Another study, this was published again Scientific translation medicine, A similar conclusion was reached. Researchers applied an accurate massage to the injured leg muscles of mice, and indeed, the muscles healed much faster and stronger than other intact muscles. Therefore, if you are tense during exercise, it is advisable to visit a local masseuse.
Even on non-exercise days, enjoying a massage can benefit your muscles and help you reach your fitness goals.One study published in Archive of physiotherapy and rehabilitation Massages have been reported to help improve blood flow and muscle soreness without prior training. “The big surprise was the massage-only control group, which showed substantially the same level of improvement in circulation as the exercise and massage group,” says Shane Phillips, associate professor of physiotherapy at the University of Illinois in Chicago and research leader. ..
Related: According to science, four exercise tips to combat aging
A big aspect of changing and maintaining your relationship with fitness is finding a way to exercise without actually exercising. Gardening is a great hobby that helps you change your body while enjoying nature and greenery.
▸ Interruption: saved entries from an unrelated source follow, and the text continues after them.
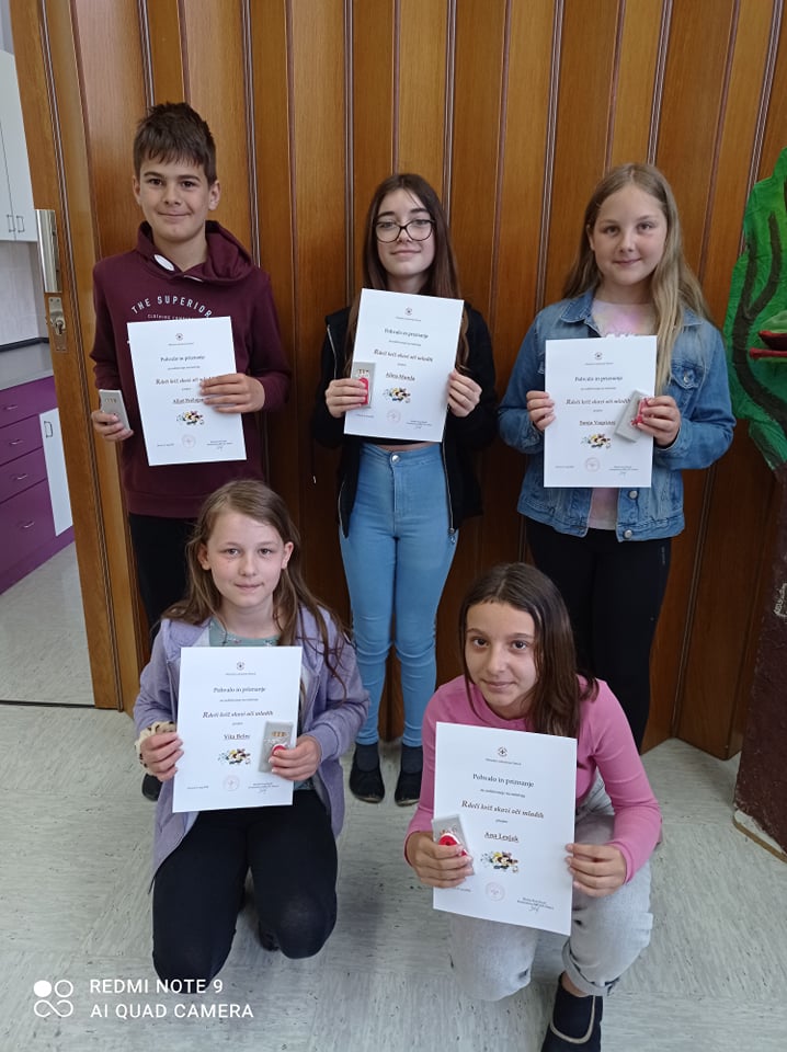 Za sodelovanje smo dobili Pohvalo in priznanje za sodelovanje ter praktične nagrade. Bili smo jih veseli.
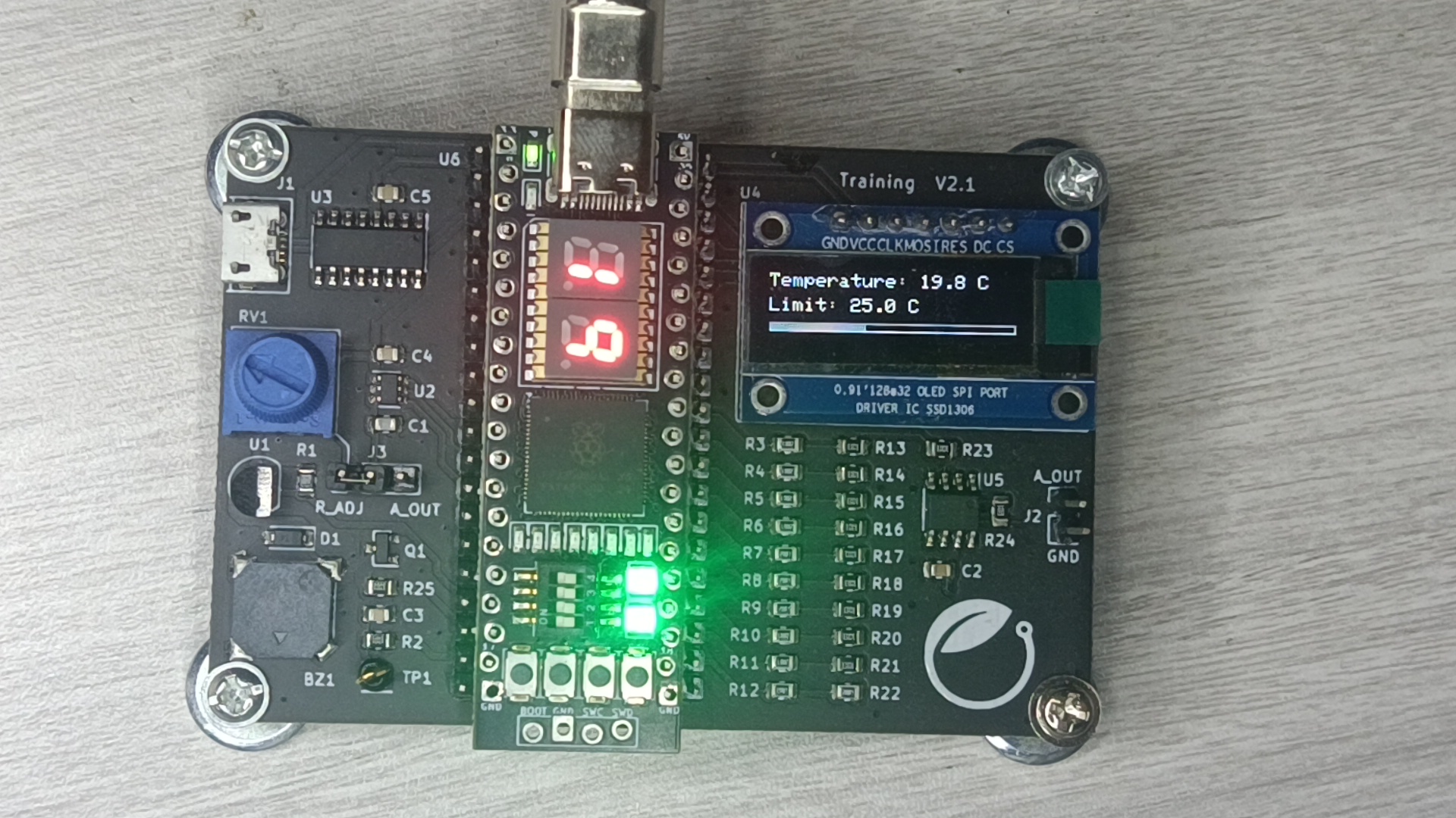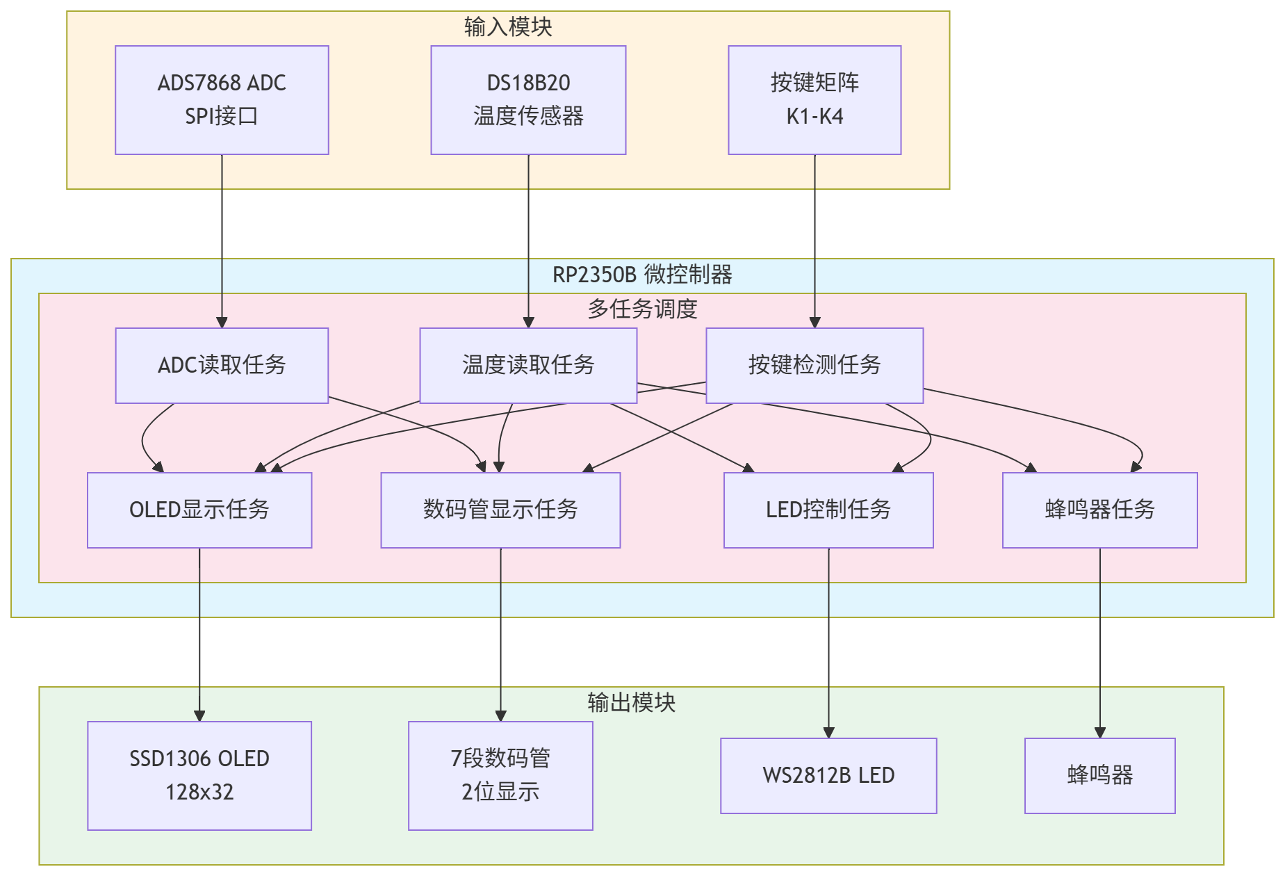 本项目基于 RP2350B 成功实现了一款集测量、显示、报警于一体的嵌入式仪表。项目充分利用了 RP2350B 的增强型 IO 能力,通过 SPI 驱动 OLED、通过 74HC595 驱动数码管,并融合了 DS18B20 与 ADC 的数据采集。
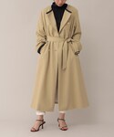 【モデル身長153cm】カラーレスコートは落ち感がありシルエットがとても綺麗です。肩がセットインになっており、スッキリとお召し頂けます。パイピングがアクセントになり1枚羽織るだけでお洒落な雰囲気になります。軽やかなドット柄のワンピースを合わせて春らしいコーディネートにしました。
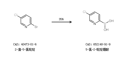 1.通过2-溴-5-氯吡啶合成5-氯-2-吡啶硼酸,收率约35%;
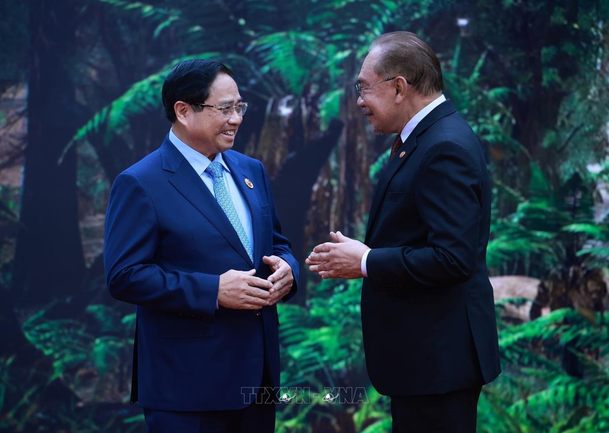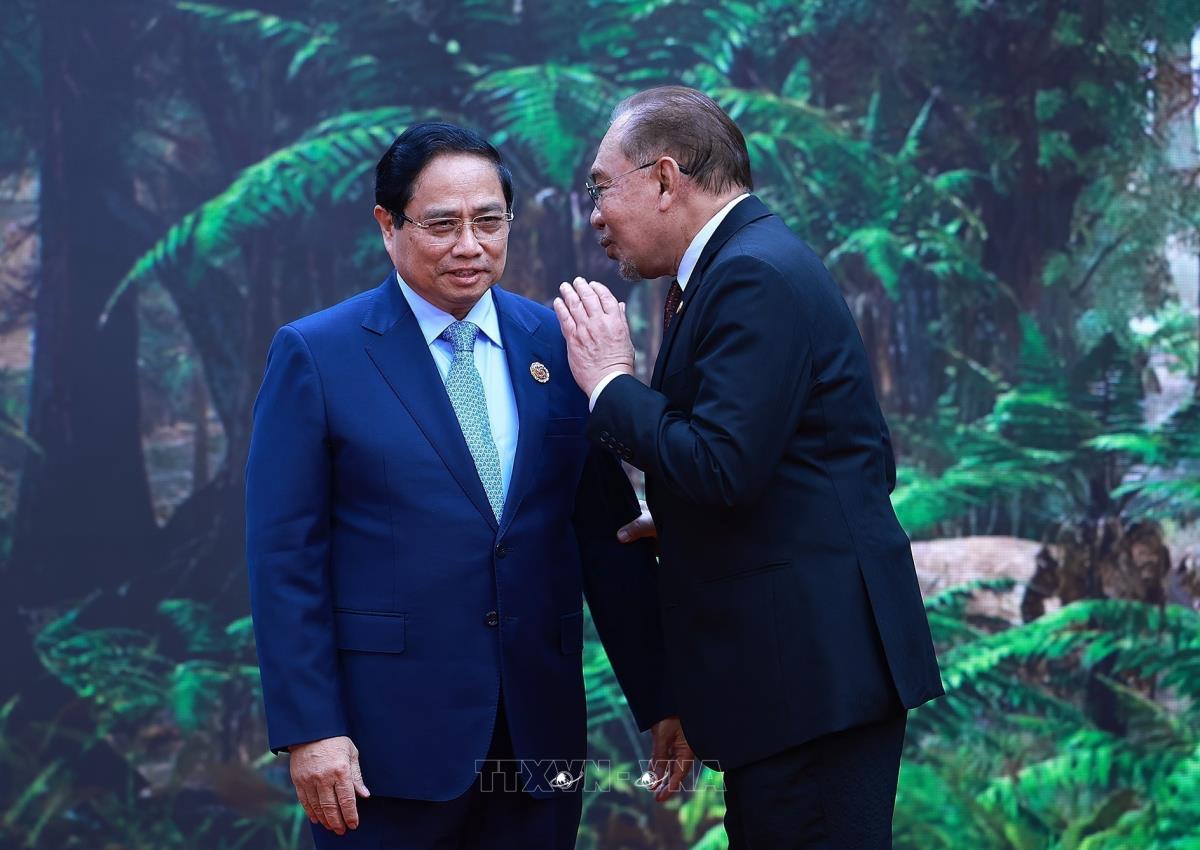 Thủ tướng Malaysia Anwar Ibrahim, Chủ tịch ASEAN 2025 đón Thủ tướng Phạm Minh Chính tham dự Hội nghị Cấp cao ASEAN lần thứ 47 và các Hội nghị Cấp cao liên quan (26/10/2025) Ảnh: Dương Giang-TTXVN
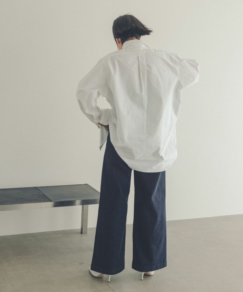 リジットデニムのような深いインディゴカラー。濃色は、カジュアル過ぎずクリーンな雰囲気が魅力的。定番として合わせやすく、キレイめなコーディネートにもマッチする品のある色です。また、色落ちしづらい染色方法で染められており、本来のインディゴデニムよりも、色移りを気にせず着用いただけます。

Did you know that gardening can actually burn about the same amount of calories as Jim?That’s true, according to this study released in Public Health Nutritionn. It may take some time to wrap your mind, but gardening is harder than it looks. It requires strength and hand-eye coordination. Researchers have named rakes, digging, and mowing particularly energetic and useful in terms of calorie burning.
In particular, this study found that gardening helps a group of older women improve overall fitness, gain muscle mass, and reduce hip size.As an additional bonus, this study Ecological psychology Gardening also reports that it promotes a positive body image.